This drive was created with an older version, right?

If so .... yeah, Amazon has started doing some autodetection of file types based on the contents (beginnings of the file), despite the fact that we use the API to tell it that it's binary data. This means that the files do get uploaded, but ..... are not properly available to be retrieved.

So, ..... the best option is to download the latest build, delete the old drive, and create a new one.

Yes, this is BS, but this isn't anything we can easily fix. The fix for this ..... is encrypting all the data for every disk using the Amazon Cloud Drive provider, and prepending null characters (for the probability that a random file will still match a file type). This unfortunately means that the provider is not backwards compatible.

And yes, we're not happy about having to do this (or how Amazon is handling this, or their response time to replying to our emails). "disappointing" is the nice way to put how we feel (Alex is going to be writing a nice long post about everything that we've gone through with this provider, though, you guys probably have a good idea (I haven't exactly been very quiet about it).

thnz · September 16, 2015

It happened on a new Amazon Cloud Drive, created using .378. It also happens on other providers though - both encrypted and unencrypted - I've tested on DropBox with the same result - so isn't Amazon specific. It's much easier to reproduce by copying across a single large file, and hard restarting once its finished copying and is well into uploading - when uploading a group of files, it shows the corruption occurs in several places as it effects several files at once. It doesn't allways happen though - it might take a couple of hard restarts before the corruption occurs.

https://imgur.com/sPTy1ip

Kraevin · September 16, 2015

It happened on a new Amazon Cloud Drive, created using .378. It also happens on other providers though - both encrypted and unencrypted - I've tested on DropBox with the same result - so isn't Amazon specific. It's much easier to reproduce by copying across a single large file, and hard restarting once its finished copying and is well into uploading - when uploading a group of files, it shows the corruption occurs in several places as it effects several files at once. It doesn't allways happen though - it might take a couple of hard restarts before the corruption occurs.

https://imgur.com/sPTy1ip

I had this happen as well when windows did a update and restarted, this was with version .376 though, i have not had the computer do a restart while it was uploading since trying out .378

I ended up having to destroy the drive and start new, which was no problem since it was being used mainly for testing anyway. That's what beta is for right =)
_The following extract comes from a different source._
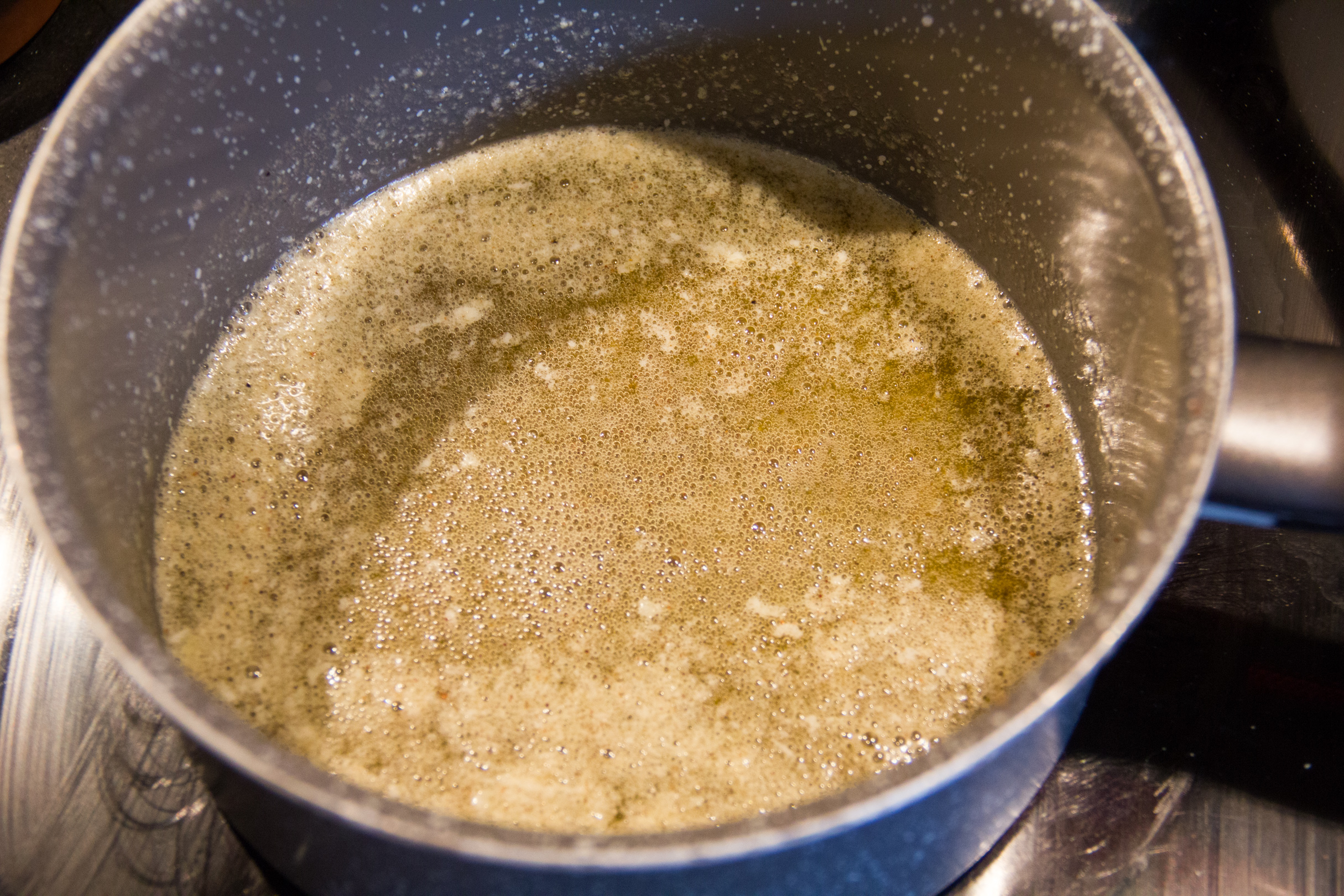 - Faites fondre le beurre dans une casserole avec le fumet de poisson.

Christopher (Drashna) · September 16, 2015

It happened on a new Amazon Cloud Drive, created using .378. It also happens on other providers though - both encrypted and unencrypted - I've tested on DropBox with the same result - so isn't Amazon specific. It's much easier to reproduce by copying across a single large file, and hard restarting once its finished copying and is well into uploading - when uploading a group of files, it shows the corruption occurs in several places as it effects several files at once. It doesn't allways happen though - it might take a couple of hard restarts before the corruption occurs.

https://imgur.com/sPTy1ip

Could you enable logging and reproduce?

http://wiki.covecube.com/StableBit_CloudDrive_Log_Collection

thnz · September 16, 2015

It took several attempts, but I finally reproduced it again after lowering the local cache size to 20MB (though that could just be coincidence). 'Drive tracing' seems to have turned itself off after the hard restart, but hopefully it caught enough to be helpful. I've uploaded it via the form on that log collection page.
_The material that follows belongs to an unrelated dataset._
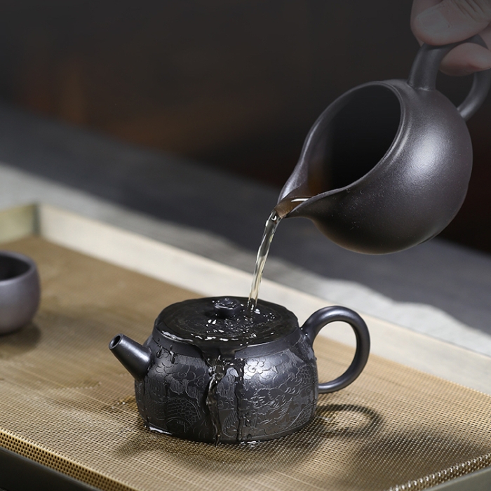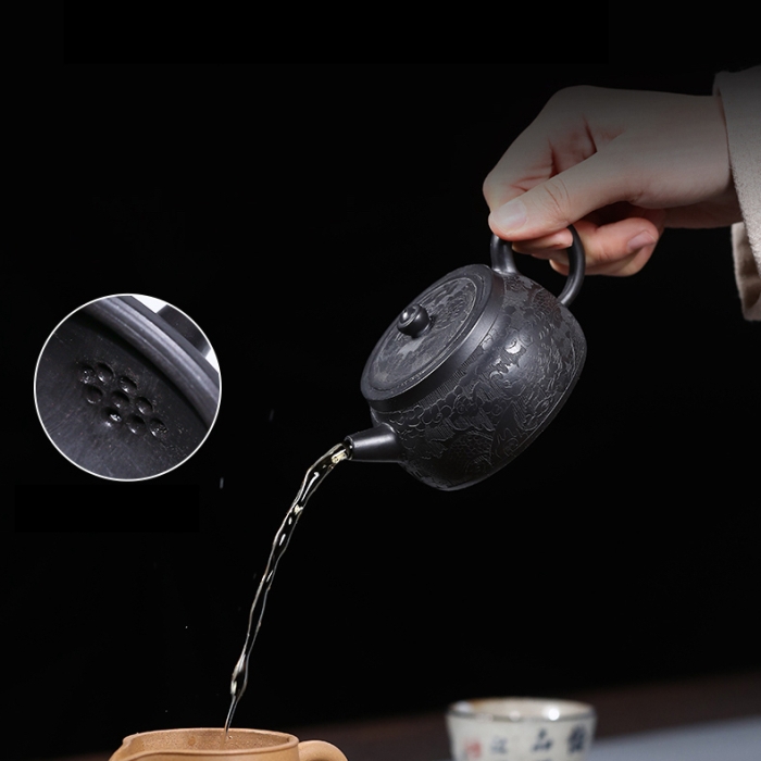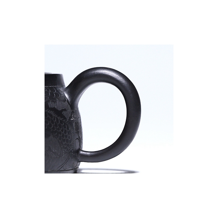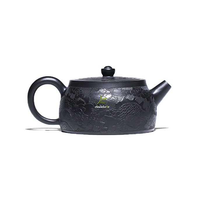 Dragon Carved Black Yixing Shipiao Zisha Teapot, Flat Lid, 180ml

Quick summary of how I reproduced it:

New 1GB unencrypted drive on DropBox with 20MB cache
Copied ~700mb file across
Hard reset after the file finished copying (ie. disk activity in resource monitor had finished), but still uploading (was maybe 50mb into the upload)
File is now corrupt (has different hash) after drive recovers

Just want to add, that its times like this (constant restarting) that you really appreciate having an SSD. Reboots so fast!
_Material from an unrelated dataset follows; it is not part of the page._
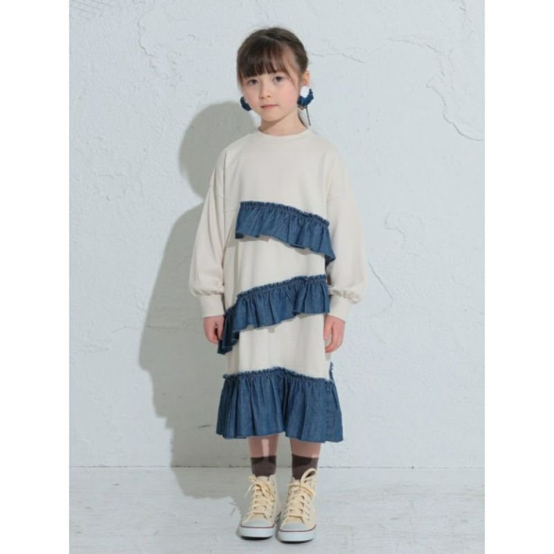 大胆に切り替えられたデニムフリルデザインが映える膝下丈のドッキングワンピース。

Christopher (Drashna) · September 17, 2015

To clarify, it still has data it's uploading, when it resets?

thnz · September 17, 2015

Data loss has a chance to occur if you manually hard restart the computer (or something else crashes it/lose power etc) while CloudDrive is uploading data. CloudDrive itself doesn't cause a crash or restart. Data loss doesn't happen every time.

Christopher (Drashna) · September 19, 2015

Data loss has a chance to occur if you manually hard restart the computer (or something else crashes it/lose power etc) while CloudDrive is uploading data. CloudDrive itself doesn't cause a crash or restart. Data loss doesn't happen every time.

Sorry, but in your case, is it losing power or hard resetting? Or is it doing a proper, graceful shutdown?

And any time the system hard resets/loses power, data corruption is always a possibility.

thnz · September 19, 2015

Data loss happened when restarting (manual power cycle as the system was unresponsive) after the system crash in post #107 (which hasn't happened again since) although its very possible that the initial crash wasnt even clouddrive related. I then found that by manually hard restarting (ie restart button on case - a non graceful restart) I could reproduce the data loss on data that was previously 'written' to the cloud drive and was currently being uploaded. In this instance, data loss only occurred the once following a system crash and non-graceful restart - the rest was me manually non-gracefully restarting in order to reproduce it.

I understand that data loss can be expected on power loss, or a non graceful shutdown - especially on active writes - and thankfully they happen very rarely. However seeing as the data had previously been written a good day or two prior (although still uploading), I thought it reasonable for CloudDrive to be able to successfully recover and continue uploading from where it left off.

Also this might well be the same thing seen back in posts #19-#20.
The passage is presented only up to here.